The Cretaceous rocks we saw yesterday here in Victoria, Australia gave us a reason to ponder temperature and climate, but in a much grander way than just saying the words, “global climate change.” I cogitated on this matter while enduring the harsh, ravaging effects of the Victorian winter here.


Thinking cold thoughts, post-field work version. Sorry for the omission of a beer, if at least for scale.

Yet despite what we observe here today, this part of southern Australia was connected to northern Antarctica 120 million years ago – during the Early Cretaceous Period – and the rocks here hold clues that reflect environments close to 75° S. (Just in case one of my students is reading this and furiously converting those degrees into Fahrenheit on his/her iPhone, those degrees are not for temperature, but latitude, and the South Pole is 90° S of the equator.)

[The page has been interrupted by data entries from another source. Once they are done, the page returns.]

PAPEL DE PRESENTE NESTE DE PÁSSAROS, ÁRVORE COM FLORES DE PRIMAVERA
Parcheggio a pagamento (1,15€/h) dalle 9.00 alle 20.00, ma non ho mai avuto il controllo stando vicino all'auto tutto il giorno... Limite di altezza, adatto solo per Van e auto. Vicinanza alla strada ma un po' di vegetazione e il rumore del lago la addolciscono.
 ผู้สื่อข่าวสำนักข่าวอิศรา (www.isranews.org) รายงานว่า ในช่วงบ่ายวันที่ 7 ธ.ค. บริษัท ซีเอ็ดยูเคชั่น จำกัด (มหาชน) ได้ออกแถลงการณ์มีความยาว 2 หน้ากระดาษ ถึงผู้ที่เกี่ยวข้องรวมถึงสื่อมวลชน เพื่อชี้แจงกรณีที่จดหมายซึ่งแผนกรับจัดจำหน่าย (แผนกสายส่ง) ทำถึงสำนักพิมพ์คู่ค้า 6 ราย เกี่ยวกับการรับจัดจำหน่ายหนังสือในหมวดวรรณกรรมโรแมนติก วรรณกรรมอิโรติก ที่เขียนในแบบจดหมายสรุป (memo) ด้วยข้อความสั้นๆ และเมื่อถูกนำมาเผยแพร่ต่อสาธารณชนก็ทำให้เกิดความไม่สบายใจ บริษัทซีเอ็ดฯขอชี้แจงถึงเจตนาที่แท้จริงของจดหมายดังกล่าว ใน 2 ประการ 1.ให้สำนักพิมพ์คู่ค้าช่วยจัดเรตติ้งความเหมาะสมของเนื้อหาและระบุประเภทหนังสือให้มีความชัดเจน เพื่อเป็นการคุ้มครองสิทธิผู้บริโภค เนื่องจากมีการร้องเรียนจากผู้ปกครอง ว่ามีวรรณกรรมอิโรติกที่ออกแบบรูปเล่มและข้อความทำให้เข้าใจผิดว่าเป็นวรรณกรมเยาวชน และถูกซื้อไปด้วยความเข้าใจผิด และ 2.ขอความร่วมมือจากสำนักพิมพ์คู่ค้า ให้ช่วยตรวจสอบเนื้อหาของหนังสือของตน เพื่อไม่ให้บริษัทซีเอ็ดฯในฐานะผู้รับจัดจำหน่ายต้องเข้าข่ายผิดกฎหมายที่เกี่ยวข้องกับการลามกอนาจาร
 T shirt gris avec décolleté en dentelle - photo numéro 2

Paleogeographic map from about 130 million years ago, during the Early Cretaceous Period. So if you think Australia is “Down Under” now, go back to the Cretaceous and see what you think, mate! Map from Ron Blakley’s fantastic paleogeographic map site, hosted by Northern Arizona University.

The Cretaceous outcrops we have walked across for the past eight days are now at 38° S. This means Australia has moved steadily north in the past 120 million years, and at this rate will reach the equator in another 100 million years or so. This is Reason #1,243 why plate tectonics, as a process, rules.

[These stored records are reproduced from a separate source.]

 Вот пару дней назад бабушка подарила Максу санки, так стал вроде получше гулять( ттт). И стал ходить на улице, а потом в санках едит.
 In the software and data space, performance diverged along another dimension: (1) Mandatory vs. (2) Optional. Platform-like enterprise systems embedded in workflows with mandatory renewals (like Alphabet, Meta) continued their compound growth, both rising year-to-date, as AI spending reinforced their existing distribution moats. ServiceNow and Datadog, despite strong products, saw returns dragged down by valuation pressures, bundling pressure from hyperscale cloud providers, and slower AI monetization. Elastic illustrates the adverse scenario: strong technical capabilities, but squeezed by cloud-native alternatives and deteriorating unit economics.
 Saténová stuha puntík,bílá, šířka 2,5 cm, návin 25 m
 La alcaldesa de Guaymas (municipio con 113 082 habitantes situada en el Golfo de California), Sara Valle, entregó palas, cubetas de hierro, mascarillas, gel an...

Granted, mean annual air temperature (MAAT) was much higher during the Cretaceous Period than today, at about 20°C, versus 14.6°C today. (OK, now you can do those conversions to Fahrenheit: that’s 58°F versus 68°F.) Still, it got very cold here during the winters, accompanied by months of darkness each winter, cold enough to freeze the ground, and even form permafrost. (Of course, it’s not frozen now, so it’s not really fulfilling the “permanent” part of permafrost. Unless you count rocks as “frozen,” which I don’t.)

What evidence do they have of frozen conditions here? Well, we could use stable oxygen isotope ratios, which are routinely applied to figure out paleotemperatures. Alas, we are mere underfunded field geologists, not the immortals on Olympus who use geochemistry and other means of witchcraft to pry thermally related secrets from the rocks.

We could also use paleobotany, as fossil plants have growth rings, leaf margins, and the assemblage of plants themselves that reveal much about the environments. Indeed, that has been done, and they match plant assemblages that are typical of MAAT of 8-10° C. But we also are not paleobotanists, however much we wish we were (because paleobotanists so cool, they inspire songs).

So how about good old geological evidence, observable in the field using our unaided eyes and not requiring any fancy equipment, or paleobotanical know-how? Hey, that’s a great idea! Sure enough, three lines of geological evidence support that these environments – inhabited by the likes of dinosaurs, mammals, and the “monster newt” Koolasuchus – were indeed frozen at times. These are:

• “Soil drops.”
• Hummocky ground.
• Ice wedges.

All of these collectively could be termed as cryoturbation structures, which may sound a little naughty, and for that reason alone they are probably illegal in much of the southeastern U.S., regardless of their identity. Nonetheless, the name literally means, “cold mixing,” which implies that cold and frozen conditions, along with thawing of ice, can mix sediments, like sand and mud.

Here are the “soil drops” viewed in cross section in an outcrop, in which darker sediments (mud) settled into the lighter colored sand. This was caused by ice melting above, which made the mud heavier, then it plopped into the less-dense sand. These structures are at Flat Rocks, the site of the Dinosaur Dreaming dig.


“Soil drops” at Flat Rocks, near Inverloch, Victoria. Photo scale is a wee one, only 10 cm (4 in) long.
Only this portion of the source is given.